Phorid flies may represent a hopeful means of controlling fire ant populations in the southern United States, where some species of fire ants were accidentally introduced in the 1930s. The genus Pseudacteon, or ant-decapitating flies, of which 110 species have been documented, is a parasitoid of ants. Pseudacteon species reproduce by laying eggs in the thorax of the ant. The first instar larvae migrate to the head, where they feed on the ant's hemolymph, muscle and nerve tissue. Eventually, the larvae completely devour the ant's brain, causing it to wander aimlessly for about two weeks. After about two to four weeks, they cause the ant's head to fall off by releasing an enzyme that dissolves the membrane attaching the ant's head to its body. The fly pupates in the detached head capsule, requiring a further two weeks before emerging. Various species of Phoridae have been introduced throughout the southeast United States, starting with Travis, Brazos, and Dallas Counties in Texas, as well as Mobile, Alabama, where the non-native fire ants first entered North America. The native species of fire ants are also parasitized by some species of Pseudacteon; these native fire ants don't cause ecological damage the way introduced species do. Pseudacteon has a predominantly indirect effect on fire ant populations, as they do not destroy colonies outright by killing off large numbers of ants; rather, the presence of Pseudacteon in the vicinity of foraging trails elicits a significant defensive response which effectively distracts foraging workers and may reduce the colony's competition with native species.

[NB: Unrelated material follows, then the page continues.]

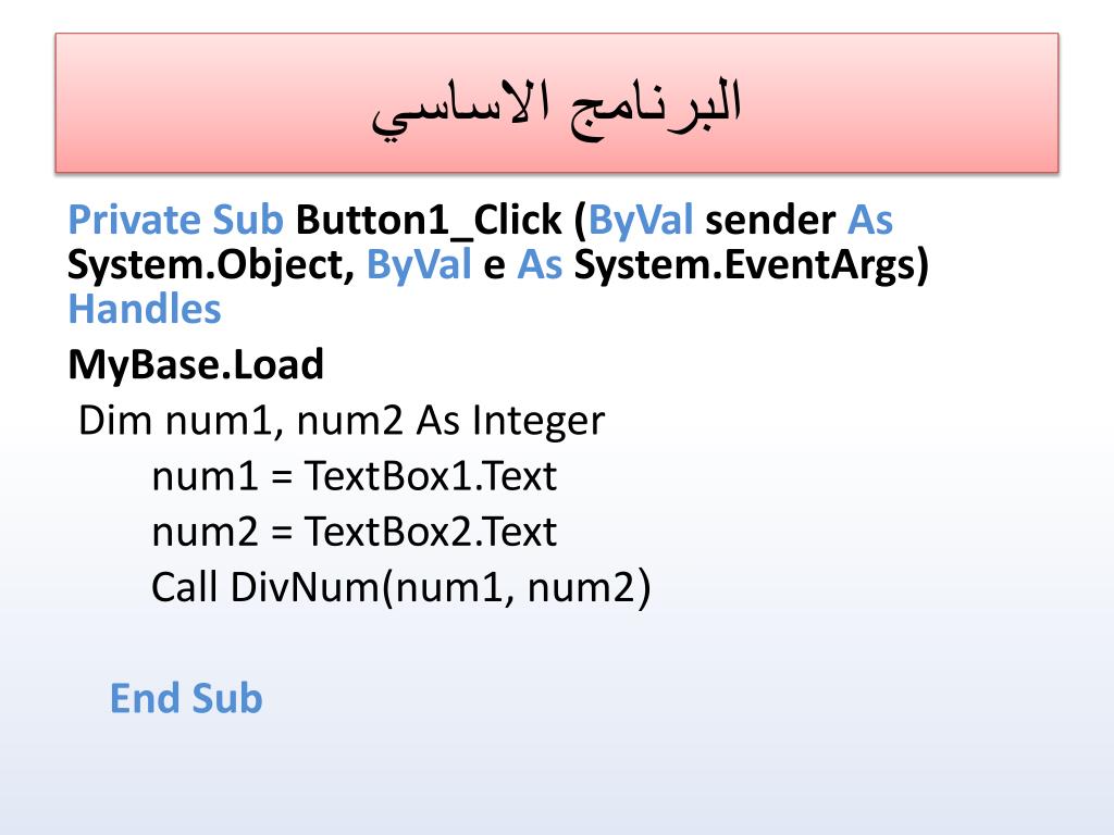 البرنامج الاساسي Private Sub Button1_Click (ByValsender As System.Object, ByVal e AsSystem.EventArgs) Handles MyBase.Load Dim num1, num2 As Integer num1 = TextBox1.Text num2 = TextBox2.Text (Call DivNum(num1, num2 End Sub

==Colony collapse disorder==

In January 2012, a researcher discovered larvae in the test tube of a dead honey bee believed to have been affected by colony collapse disorder. The larvae had not been there the night before. The larvae were Apocephalus borealis, a parasitoid fly known to prey on bumblebees and wasps. The phorid fly lays eggs on the bee's abdomen, which hatch and feed on the bee. Infected bees act oddly, foraging at night and gathering around lights like moths. Eventually, the bee leaves the colony to die. The phorid fly larvae then emerge from the neck of the bee.

==Identification==
- Beyer, E.; Delage, A. Bearbeitet von: Schmitz, H. Phoridae 672 Seiten, 437 Abbildungen, 15 Tafeln, 26x19cm (in Erwin Lindner: Die Fliegen der Paläarktischen Region, Band IV / 7 Teil 1)1981 ISBN 3-510-43023-9
- Borgmeier, T. 1963. Revision of the North American phorid flies. Part I. The Phorinae, Aenigmatiinae, and Metopininae, except Megaselia (Diptera: Phoridae). Stud. Entomol. 6:1–256. Keys subfamilies, genera and species.
- Disney, R. H. L. (1994). "Scuttle Flies: The Phoridae"
- Peterson B. V. (1987). Phoridae. In: Manual of Nearctic Diptera. Vol. 2. Canada Department of Agriculture Research Branch, Monograph no. 27, p. 689–712. The full text (53 MB) ISBN 0-660-12125-5 pdf
- K. G. V. Smith, 1989 An introduction to the immature stages of British Flies. Diptera Larvae, with notes on eggs, puparia and pupae. Handbooks for the Identification of British Insects Vol 10 Part 14. pdf download manual (two parts Main text and figures index)

==Other==
A few cases of phorid flies opportunistically causing human myiasis have been reported.